Spindrift: A wilderness pilgrimage at sea is published by Vala Publishing Cooperative http://www.valapublishers.coop/spindrift

Not Going Sailing

synopsis

Shipping Forecast – Issued: 0405 UTC Thu 9 May

Wind: Southwest 5 to 7, increasing gale 8 or severe gale 9 for a time.
Sea state: Rough or very rough, becoming high for a time in west.
Weather: Rain or showers.
Visibility: Good, occasionally poor.

Today we intended to set out down the Channel bound for the Scillies and the west coast of Ireland. I was going to meet Steve—my crew for this leg of the voyage—on the Plymouth train at Westbury yesterday afternoon; we would settle into Coral overnight and set off this morning. But since early in the week the weather has deteriorated. The high pressure that brought such a lovely spring weekend has dropped south, a deepening area of low pressure is running along the top of it, so the westerly wind is intensified as it is squeezed between the high and the low. The map provided by Met Office with the Shipping Forecast shows two thirds of Great Britain surrounded by red shading, indicating gale force winds or more. The seas will not be just “rough” but “very rough, becoming high.” “High” is so unusual I have to look it up, and find it refers to wave heights of six to nine metres.  I remember Coral is only nine meters long.

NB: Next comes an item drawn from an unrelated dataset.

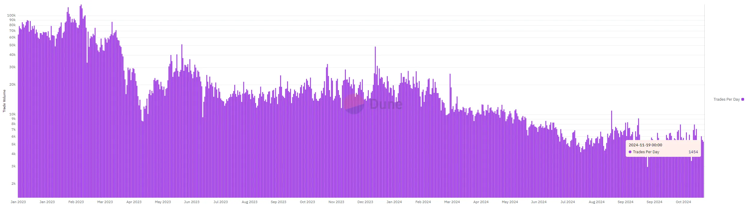 尽管出现复苏迹象,但NFT市场在2024年整体仍处于困境。数据显示,某些NFT系列交易活动稀少,反映出市场饱和。
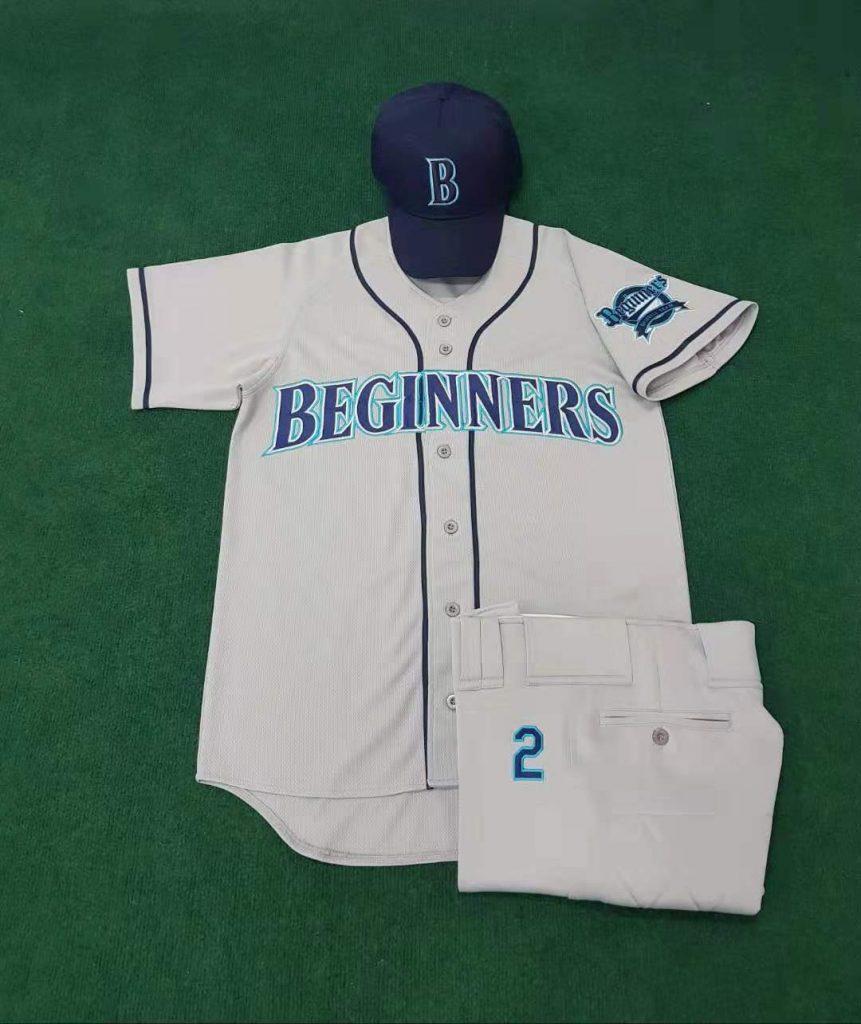 今日ご紹介させて頂きますオーダーユニフォームはこちらBeginner様の灰色・ネイビー刺繍ユニフォームでございます。

Looking ahead, it seems that fresh to strong westerlies will persist into next week, which will make progress westwards hard work even when the gale passes. So rather than sailing down the Channel I am doing normal things at home: I went to my writing group last night; mended a bit of fence this morning until I got soaked in a heavy shower; and re-read parts of a book I have been asked to review.

In weather like this I can wind myself up, irritated at the interruption to my plans, wonder whether I really want to go to sea at all. I can make the interruption feel like a catastrophe. But there is something truly important about being stopped in one’s tracks by natural forces. It reminds us that we humans are not the masters of this planet, that while by working with the grain of the world we can accomplish wonders, forcing contrarily is not just uncomfortable but foolish and downright dangerous. I remember again Gary Snyder’s comment about things that take us out of our little selves into the wider whole as being sacred .

So rather that wind myself up I find a way to bow to the inevitable, even find a moment to appreciate the teaching the gales are bringing. I know from experience that I have to wait, that in time the weather will be more favourable. Patience is what is needed, patience, respect and careful judgement about when it is safe and sensible to sail.